**EXERCISE DIRECTIONS:**
Could you give back exactly the lines below from the one with "愛犬元気 ビーフ・緑黄色野菜・小魚入り 6KG" through the one with "クリアー 透明レンズ 全4色", without a single picture?

**PROVIDED DATA:**
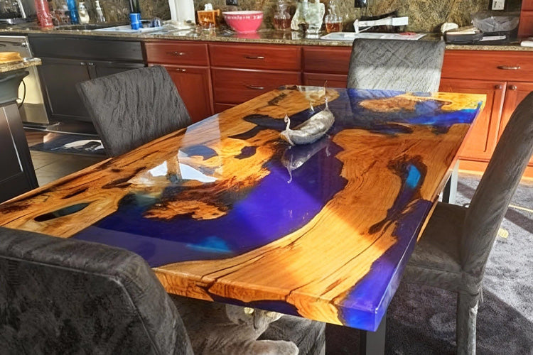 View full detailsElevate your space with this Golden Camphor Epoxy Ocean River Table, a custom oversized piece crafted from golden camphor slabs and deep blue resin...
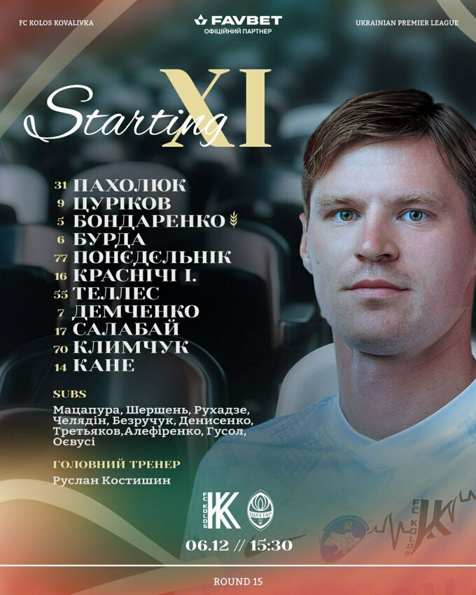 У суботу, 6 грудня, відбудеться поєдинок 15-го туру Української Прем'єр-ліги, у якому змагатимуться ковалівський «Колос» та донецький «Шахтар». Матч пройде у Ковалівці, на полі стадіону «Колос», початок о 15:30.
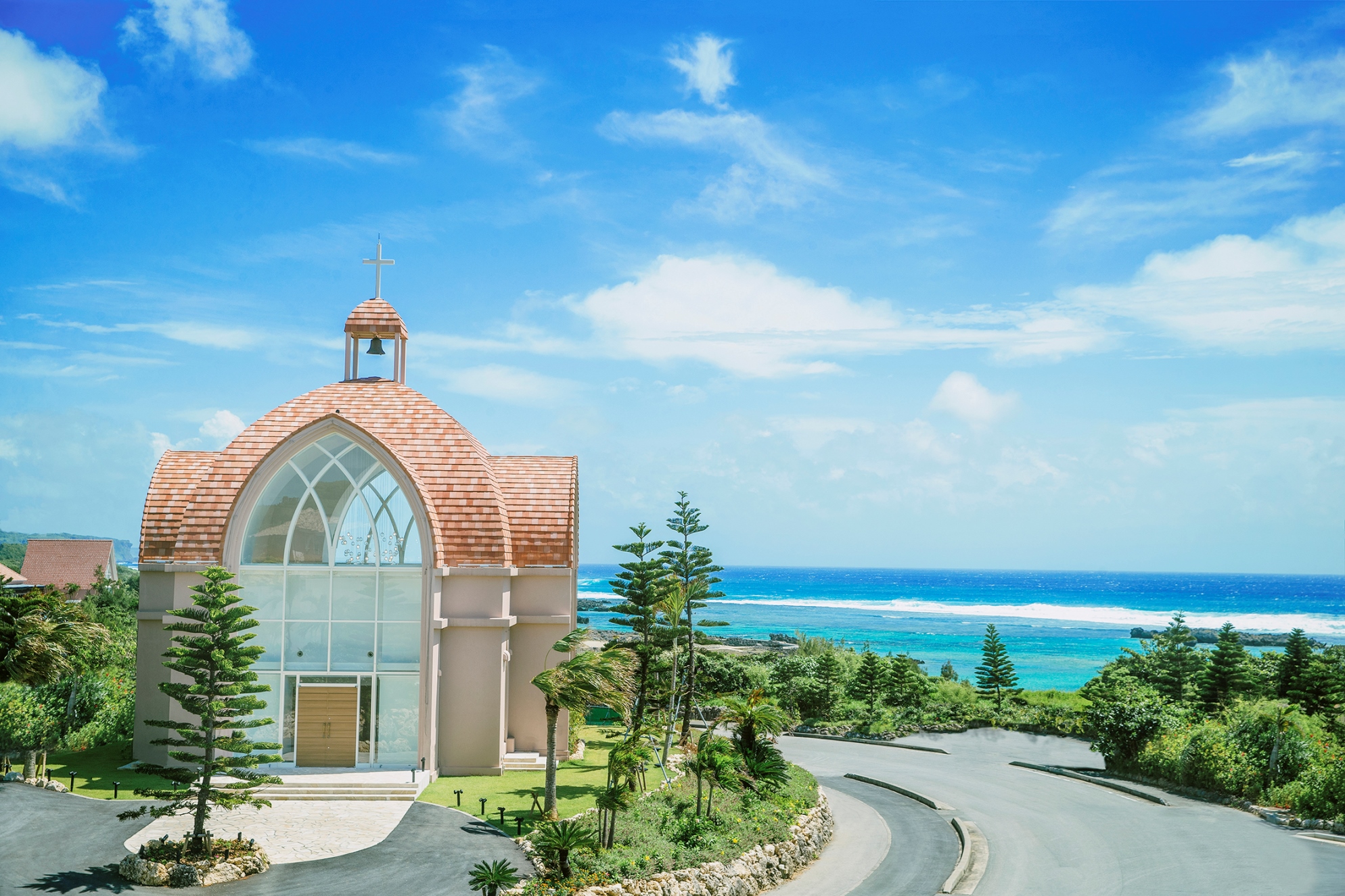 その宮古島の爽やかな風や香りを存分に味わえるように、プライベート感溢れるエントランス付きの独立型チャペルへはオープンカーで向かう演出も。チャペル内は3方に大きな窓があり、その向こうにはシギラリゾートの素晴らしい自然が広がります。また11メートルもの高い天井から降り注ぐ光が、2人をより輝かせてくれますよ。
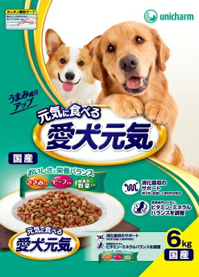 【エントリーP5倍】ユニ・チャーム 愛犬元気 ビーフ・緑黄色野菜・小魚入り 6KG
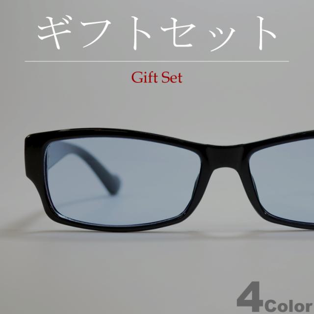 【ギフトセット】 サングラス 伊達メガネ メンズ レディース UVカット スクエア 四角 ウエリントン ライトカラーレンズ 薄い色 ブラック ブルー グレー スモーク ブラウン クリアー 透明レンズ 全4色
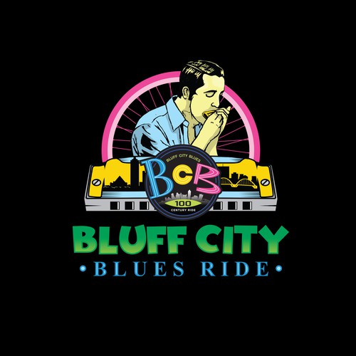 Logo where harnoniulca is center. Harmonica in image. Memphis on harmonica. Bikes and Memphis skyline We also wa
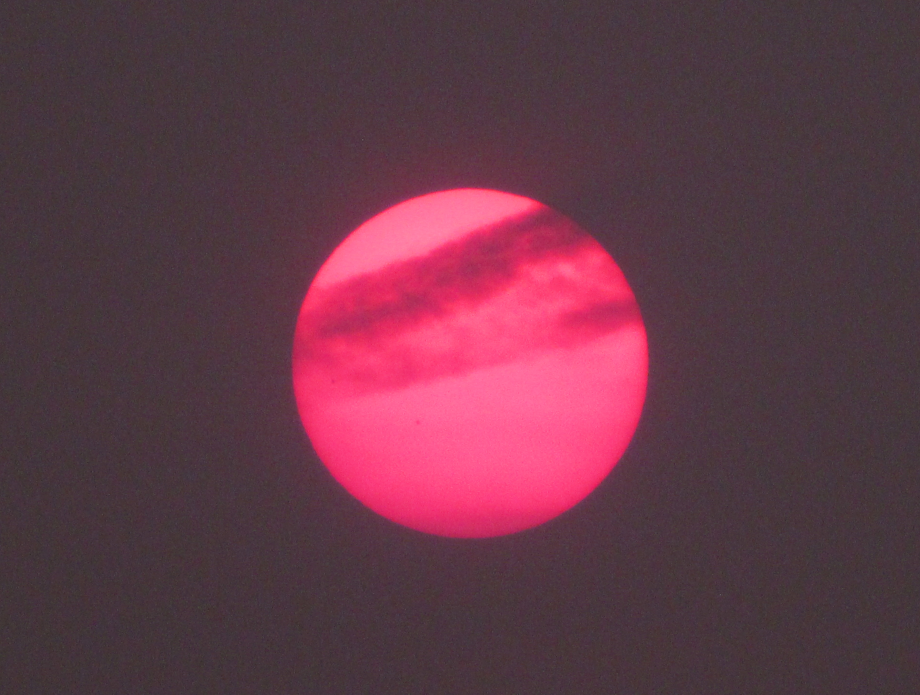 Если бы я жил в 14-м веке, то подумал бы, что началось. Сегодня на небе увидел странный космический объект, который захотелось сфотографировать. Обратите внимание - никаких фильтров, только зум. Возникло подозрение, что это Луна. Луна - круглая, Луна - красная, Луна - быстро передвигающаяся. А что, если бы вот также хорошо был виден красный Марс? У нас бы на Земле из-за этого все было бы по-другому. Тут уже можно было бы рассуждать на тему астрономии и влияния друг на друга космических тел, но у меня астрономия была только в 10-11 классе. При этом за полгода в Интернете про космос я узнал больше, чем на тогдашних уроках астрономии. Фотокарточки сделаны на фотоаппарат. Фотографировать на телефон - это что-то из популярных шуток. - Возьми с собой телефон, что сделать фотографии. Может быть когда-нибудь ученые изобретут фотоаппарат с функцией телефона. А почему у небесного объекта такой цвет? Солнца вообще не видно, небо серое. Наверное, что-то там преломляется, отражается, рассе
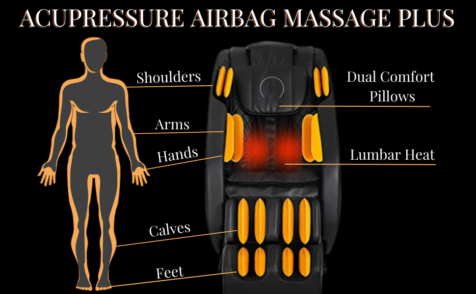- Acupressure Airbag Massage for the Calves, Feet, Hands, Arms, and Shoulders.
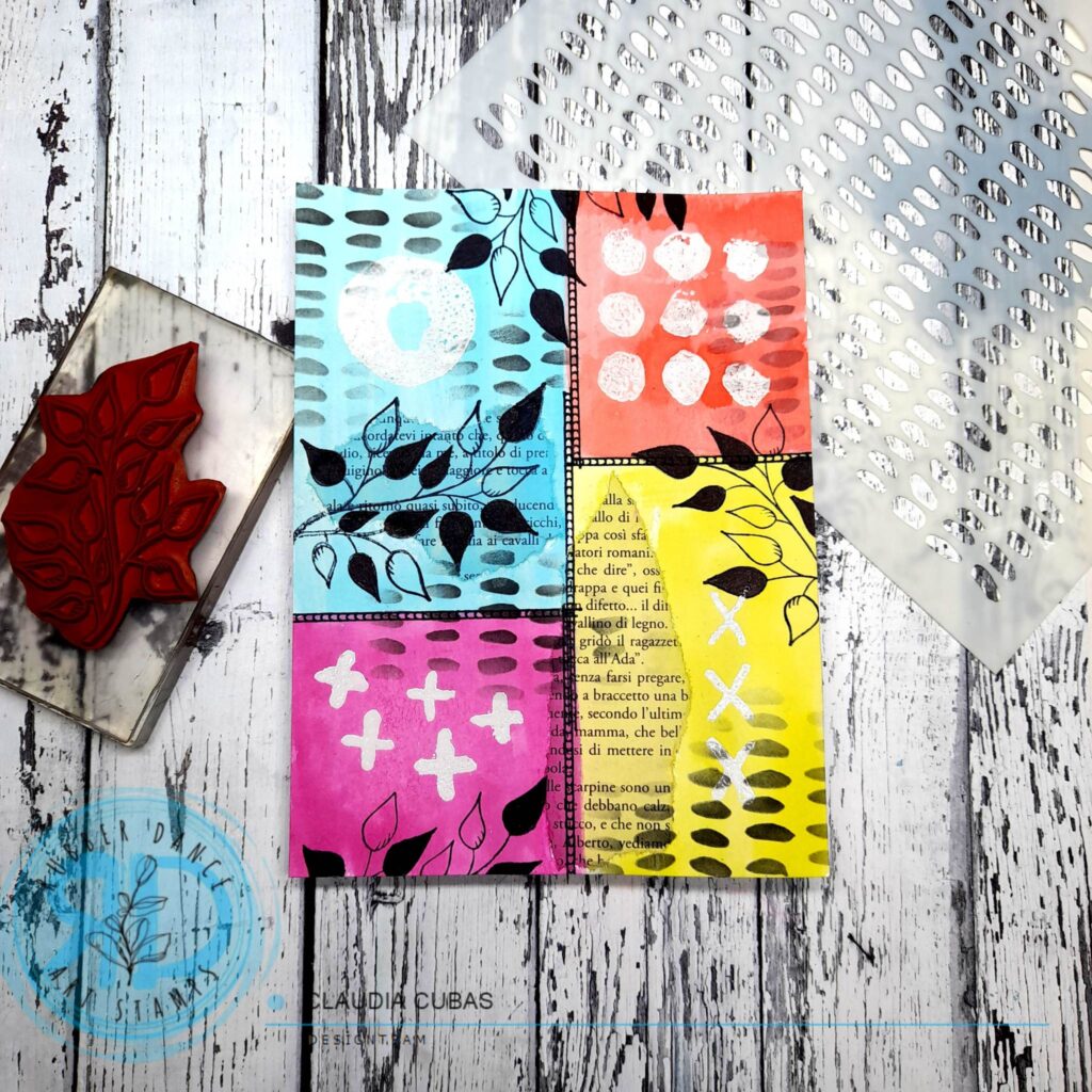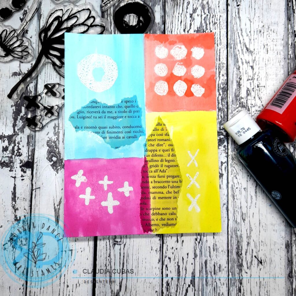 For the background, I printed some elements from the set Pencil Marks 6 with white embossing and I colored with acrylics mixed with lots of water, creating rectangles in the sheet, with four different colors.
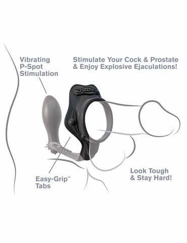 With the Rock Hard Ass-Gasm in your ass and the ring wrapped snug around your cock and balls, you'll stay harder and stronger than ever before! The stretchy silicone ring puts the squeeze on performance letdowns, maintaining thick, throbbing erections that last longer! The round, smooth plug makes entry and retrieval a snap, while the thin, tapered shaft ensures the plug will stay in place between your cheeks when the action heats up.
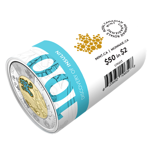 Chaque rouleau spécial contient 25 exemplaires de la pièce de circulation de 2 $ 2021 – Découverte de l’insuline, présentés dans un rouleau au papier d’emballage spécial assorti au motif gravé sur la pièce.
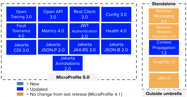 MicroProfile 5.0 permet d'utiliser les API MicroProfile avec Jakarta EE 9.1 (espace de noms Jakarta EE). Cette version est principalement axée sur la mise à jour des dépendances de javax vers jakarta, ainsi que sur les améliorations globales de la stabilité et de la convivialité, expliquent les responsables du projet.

**TASK SOLUTION:**
 【エントリーP5倍】ユニ・チャーム 愛犬元気 ビーフ・緑黄色野菜・小魚入り 6KG
 【ギフトセット】 サングラス 伊達メガネ メンズ レディース UVカット スクエア 四角 ウエリントン ライトカラーレンズ 薄い色 ブラック ブルー グレー スモーク ブラウン クリアー 透明レンズ 全4色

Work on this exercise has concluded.